Per tutta la vita era riuscita ad avere ciò che aveva voluto comportandosi in modo tranquillo e , se riusciva a gestire il mercato degli immobili di lusso a Manhattan senza avere un cognome famoso, avrebbe sicuramente potuto catturare l'interesse di un bell'accademico.

Senza ulteriore trambusto, si lisciò la gonna, si sistemò i capelli dietro alle orecchie e marciò lungo il sentiero e su per una larga scalinata di pietra.

Entrando nella Scott Hall l'aria fresca l'avvolse e i tacchi le ticchettarono sul pavimento di marmo. Era straordinario quanto si riuscisse velocemente a uscire dai boschi caldi e umidi e a tornare nella fredda civiltà.

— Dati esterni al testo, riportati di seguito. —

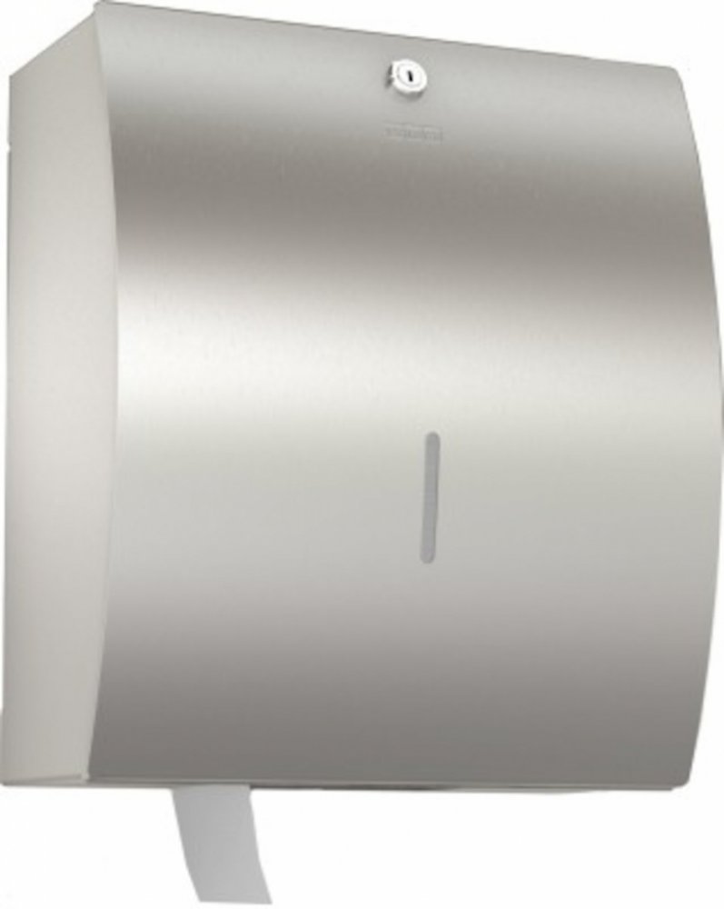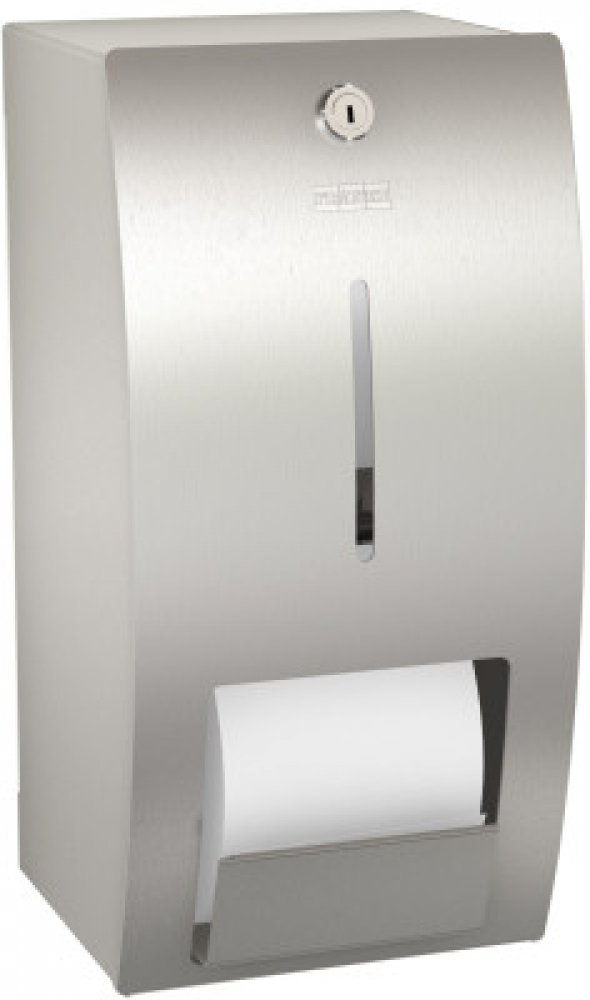 Dvojitý držák na role toaletního papíru k montáži na stěnu, nerezová ocel, povrch jemný matový, povrchová úprava předního panelu InoxPlus minimalizující otisky prstů a usnadňující údržbu (easy to clean), tloušťka materiálu 1,5 mm, zaoblený přední panel, vložkový zámek s univerzálním klíčem Franke, na dvě role o maximálním průměru 120 mm, druhá role se uvolní po spotřebování první role, bez hřídele...

Il foyer era quasi vuoto; c'erano alcune persone del posto, di una certa età, in piedi vicino al tavolo del rinfresco, ben fornito di ciò che lei sapeva essere cracker stantii e sidro di mele frizzante in bicchieri di plastica.

C'era un foglio per registrarsi sul leggio accanto alla porta, quindi si fermò e scrisse con cura “Ainsley Connor”; le venne un improvviso attacco di panico nello scrivere il suo vero nome, poi rise di se stessa. L'avvertimento di Erik era stato abbastanza stupido, e poi quasi tutti in città sapevano comunque chi fosse.